╔══

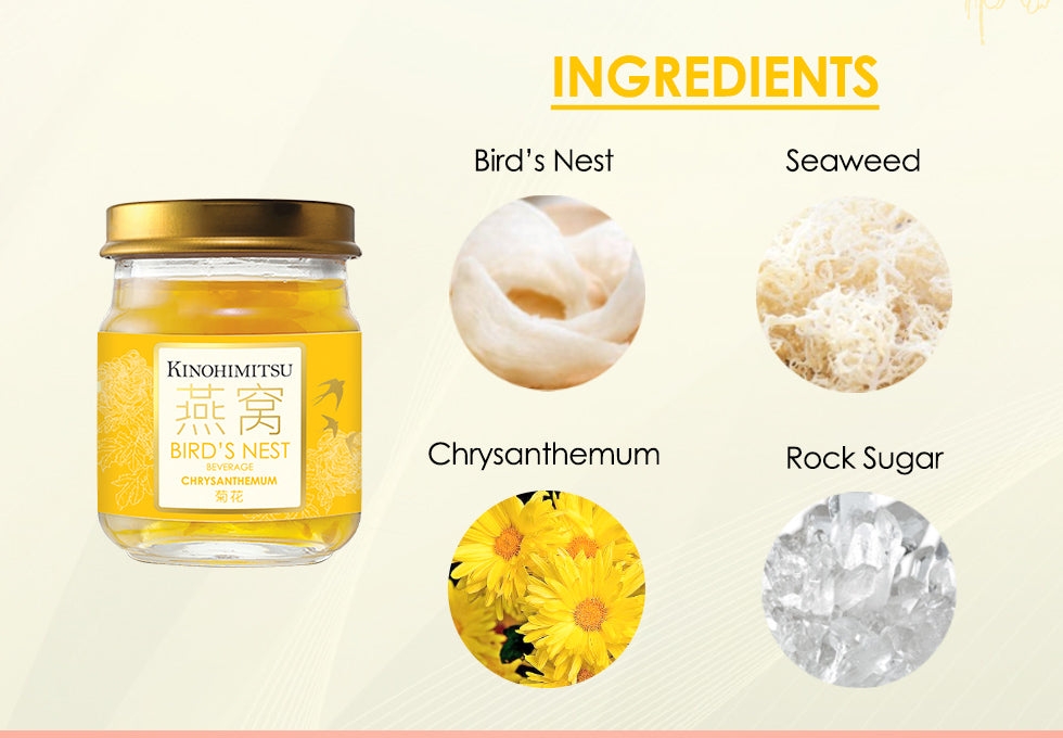 THÀNH PHẦN VÀ CÔNG DỤNG CỦA NƯỚC YẾN THƯỢNG HẠNG KINOHIMITSU BIRD’S NEST WITH CHRYSANTHEMUM 75G
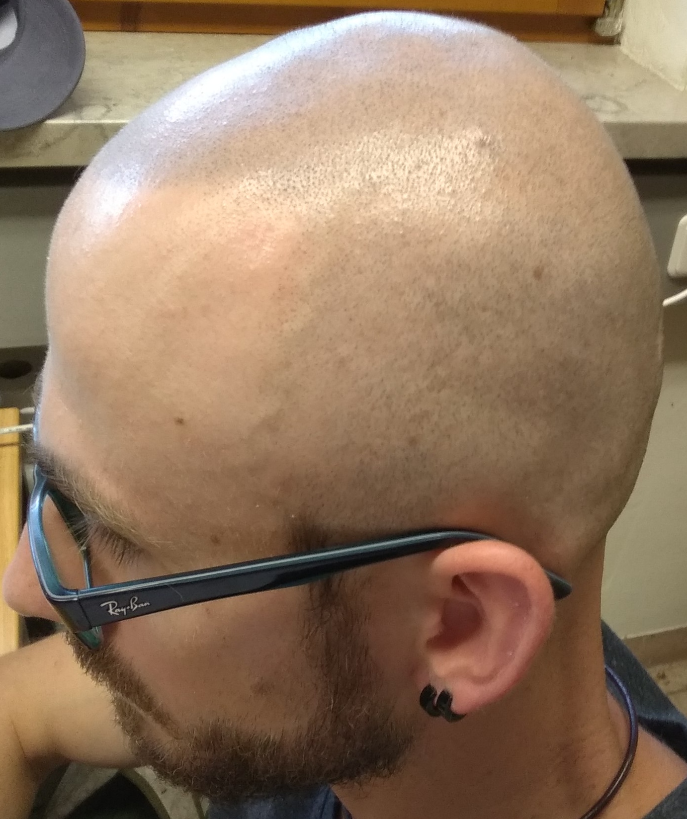 Hab hier noch zwei brandaktuelle Bilder von vor zwei Minuten angehängt. Hier siehst du, dass das Resthaar mittlerweile zu lang ist (am Kranz), wenn man genau hinsieht. Muss jetzt dann noch rasieren!
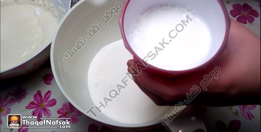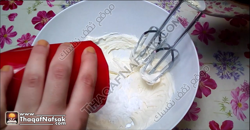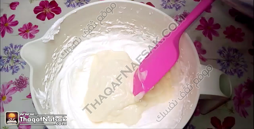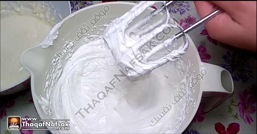 نخفق المزيج جيدا حتى يتجانس ويصبح المزيج كريمي وناعم .
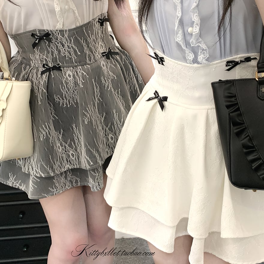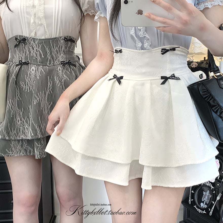 繊細なレース生地を重ねた、量産型・地雷系ファッションの王道を行くフレアミニスカートです。
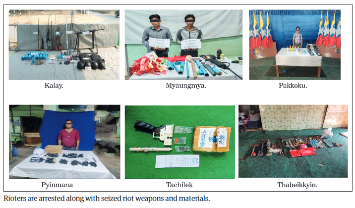 POLICE seized weapons and arms used in riots on 7 April. The security forces arrested U Aung Aung, son of U Sein Maung who lives at No (3/196), between Thitsar and Padonmar streets in Oh Bo of Oo Yin Su Ward in Pyinmana Township, Min Kaung San, son of U Zaw Win, who lives at No (65), Aung Thu Kha street in Kyaik Phane Ward of Mawlamyine, NLD member Thein Zaw Oo from Myaynigone Village in Tit Pin Chaung Village-tract of Kawet Station of Myaungmya Township and Tun Tun Aung from Kungyan Village of Thongwa together with their weapons.
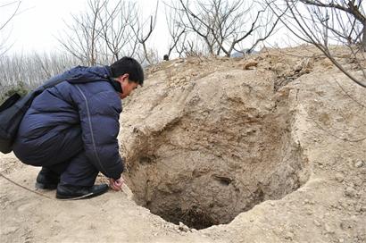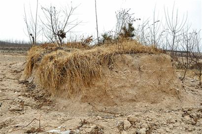 ????昨天上午10時(shí)許,記者來(lái)到膠南市土山屯村東面的“土山屯漢墓群”。在村民的指引下,記者在南面的一座古墓上看到,墓北側(cè)有一個(gè)直徑在一米左右的洞,洞體呈圓形,洞外還留有扒出來(lái)的土,附近還有幾塊表面為條紋狀的殘碎陶片。“這個(gè)洞口肯定是盜墓賊留下的,要不然誰(shuí)閑著沒(méi)事在上面挖洞?!蓖辽酵痛迕癖R老漢告訴記者,前一陣子他給麥地澆水的時(shí)候,這個(gè)地方還好好的,可是上個(gè)月他到地里查看旱情走到這里,就發(fā)現(xiàn)了這個(gè)洞口?!安坏绱耍?dāng)時(shí)洞邊還有一些干草和木棍,可能是盜墓賊在里面盜墓的時(shí)候,怕被人看到,就將洞口蓋住了?!北R老漢說(shuō)。
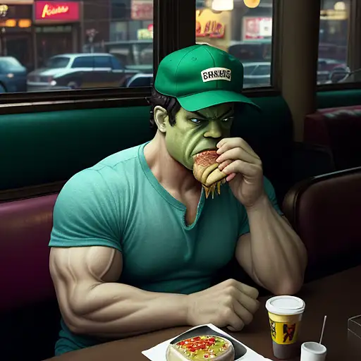 2 years ago a lonely and depressed hulk wearing a baseball cap eating a hamburger and fries beside the window in a deserted cafe diner in New York photographed by Miles Aldridge. b3cf0e64f69 0 52

╚══

What the task asks: Each entry gets copied exactly; the pictures stay out.

Solution to this task:
 THÀNH PHẦN VÀ CÔNG DỤNG CỦA NƯỚC YẾN THƯỢNG HẠNG KINOHIMITSU BIRD’S NEST WITH CHRYSANTHEMUM 75G
 Hab hier noch zwei brandaktuelle Bilder von vor zwei Minuten angehängt. Hier siehst du, dass das Resthaar mittlerweile zu lang ist (am Kranz), wenn man genau hinsieht. Muss jetzt dann noch rasieren!
 نخفق المزيج جيدا حتى يتجانس ويصبح المزيج كريمي وناعم .
 繊細なレース生地を重ねた、量産型・地雷系ファッションの王道を行くフレアミニスカートです。
 POLICE seized weapons and arms used in riots on 7 April. The security forces arrested U Aung Aung, son of U Sein Maung who lives at No (3/196), between Thitsar and Padonmar streets in Oh Bo of Oo Yin Su Ward in Pyinmana Township, Min Kaung San, son of U Zaw Win, who lives at No (65), Aung Thu Kha street in Kyaik Phane Ward of Mawlamyine, NLD member Thein Zaw Oo from Myaynigone Village in Tit Pin Chaung Village-tract of Kawet Station of Myaungmya Township and Tun Tun Aung from Kungyan Village of Thongwa together with their weapons.
 ????昨天上午10時(shí)許,記者來(lái)到膠南市土山屯村東面的“土山屯漢墓群”。在村民的指引下,記者在南面的一座古墓上看到,墓北側(cè)有一個(gè)直徑在一米左右的洞,洞體呈圓形,洞外還留有扒出來(lái)的土,附近還有幾塊表面為條紋狀的殘碎陶片。“這個(gè)洞口肯定是盜墓賊留下的,要不然誰(shuí)閑著沒(méi)事在上面挖洞?!蓖辽酵痛迕癖R老漢告訴記者,前一陣子他給麥地澆水的時(shí)候,這個(gè)地方還好好的,可是上個(gè)月他到地里查看旱情走到這里,就發(fā)現(xiàn)了這個(gè)洞口?!安坏绱耍?dāng)時(shí)洞邊還有一些干草和木棍,可能是盜墓賊在里面盜墓的時(shí)候,怕被人看到,就將洞口蓋住了?!北R老漢說(shuō)。
 2 years ago a lonely and depressed hulk wearing a baseball cap eating a hamburger and fries beside the window in a deserted cafe diner in New York photographed by Miles Aldridge. b3cf0e64f69 0 52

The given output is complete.